Sunday, March 8, 2015

Iraq: Reflecting on the 2003 Decision to Invade

Iraq: Reflecting on the 2003 Decision to Invade
By Samuel L. Skogstad
February 28, 2015

I recently heard an excellent presentation by a retired army officer who had been close to the top decision making bodies of both the Defense and State Departments in multiple presidential administrations.  Although his general subject matter was the state of the world today and the puzzles and uncertainties it presents for U.S. policy, he stated in passing that the United States had made a mistake in deciding to invade Iraq, because “Iraq had no weapons of mass destruction” (WMD).

That remark kindled my own recollection of that time and that issue, and for two reasons the speaker’s simplistic explanation of that complex decision seemed surprising in the extreme.  First, there is ample evidence that the decision was not made on the basis of the single question of whether the WMD were or were not in the Iraqui arsenal.  At least equally important were the widespread reports that the Hussein regime had committed some of the gravest acts of savagery against humanity since the Hitler regime.  Rape, slaughter and degradation, were reportedly centerpieces of their entertainments.  Their inhumanity lacked any other parallel (since ISIS had not yet been spawned) since Hitler’s regime.  Moreover, Hussein’s expansionist aspirations—with or without WMD--- gave no evidence of having waned following his army’s the expulsion from Kuwait.  He treated United Nations Resolutions disdainfully, and apparently did not regard them, or the U.N. itself, as restraints that needed to be taken seriously.
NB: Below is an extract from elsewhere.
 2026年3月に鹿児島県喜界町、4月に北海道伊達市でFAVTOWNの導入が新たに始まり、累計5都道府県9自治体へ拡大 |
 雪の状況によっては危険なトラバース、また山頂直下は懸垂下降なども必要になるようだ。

The second thing that prompts surprise at the proffered explanation for considering the invasion a mistake is that is that WMD include numerous weapons that are not nuclear arms.  Thus it is very reasonable to argue that Iraq did indeed have WMD “or the means to produce them” (also prohibited in UN Resolution 687 as noted below).  Yet many members of the mass media, many disingenuous politicians, and too many uninformed, misinformed  or careless thinking citizens use the expression as if it did refer onlyto “nukes.”  Anthrax, Ricin, and poisons, represent just a small sampling of the ample menu of potentially devastating, non-nuclear, WMD.  And they are examples of the weapons that had in fact been used by Saddam Hussein, against his own people if not others.
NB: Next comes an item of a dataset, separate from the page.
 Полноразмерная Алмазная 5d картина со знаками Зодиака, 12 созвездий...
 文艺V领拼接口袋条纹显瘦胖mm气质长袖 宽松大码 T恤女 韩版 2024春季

As former Secretary of Defense Robert Gates notes in his 2014 memoir: “By 2003,  most governments and intelligence services had concluded that Saddam had been successful in resuming his weapons programs (note this is in the plural).  That view was reinforced by his boasting and his behavior, intended to persuade his own people-and his neighbors-of that success.  The result was unanimous adoption in the fall of 2002 of U.N. Security Council Resolution 1441, which demanded a full accounting of progress in Iraq’s weapons and a rigorous international inspection effort.  Serious consequences were threatened for noncompliance.  (My underlining.)  The threats were scoffed at.

Also worth noting is President George W. Bush’s recollection in his 2010 book, Decision Points, (p.236) the following historical fact:

“As a condition for ending hostilities in the Gulf War,” (Operation Desert Storm, 1991), “UN Resolution 687 required Saddam to destroy his weapons of mass destruction and missiles with a range of more than ninety miles.  The resolution banned Iraq from possessing biological, chemical, or nuclear weapons, or the means to produce them.”  (My underlining.)

And further on, Bush continues: “Over time UN inspectors discovered a vast, haunting arsenal.  Saddam had filled thousands of bombs, shells, and warheads with chemical agents.  He had a nuclear weapons program that was about two years from yielding a bomb, much closer than the CIA’s prewar estimate of eight to ten years.  When his son-in-law defected in 1995, Saddam acknowledged that the regime had been hiding a biological weapons program that included anthrax and botulinum toxin.”

Finally, it may be recalled that, considerably after the invasion, American forces found tons of  “yellow cake,” an important ingredient in nuclear bombs, stashed away in secret Iraqui facilities.  That news received barely a whisper in the print and electronic media.  (However, a plausible explanation has been offered, namely that the U.S. Government wanted it kept secret lest it fall into the hands of other terrorists before arriving in Canada.   It had been sold, if I remember correctly, to Canadian interests.)  So the glib (if popular) assertion that Iraq “had no WMD” is a seriously flawed conclusion.  And as the sole justification for the claim that the invasion was wrong it is a little like claiming that one should not shoot at pack of charging, foaming-at-the-mouth pit bulls, before proving to a PETA committee that its members have rabies.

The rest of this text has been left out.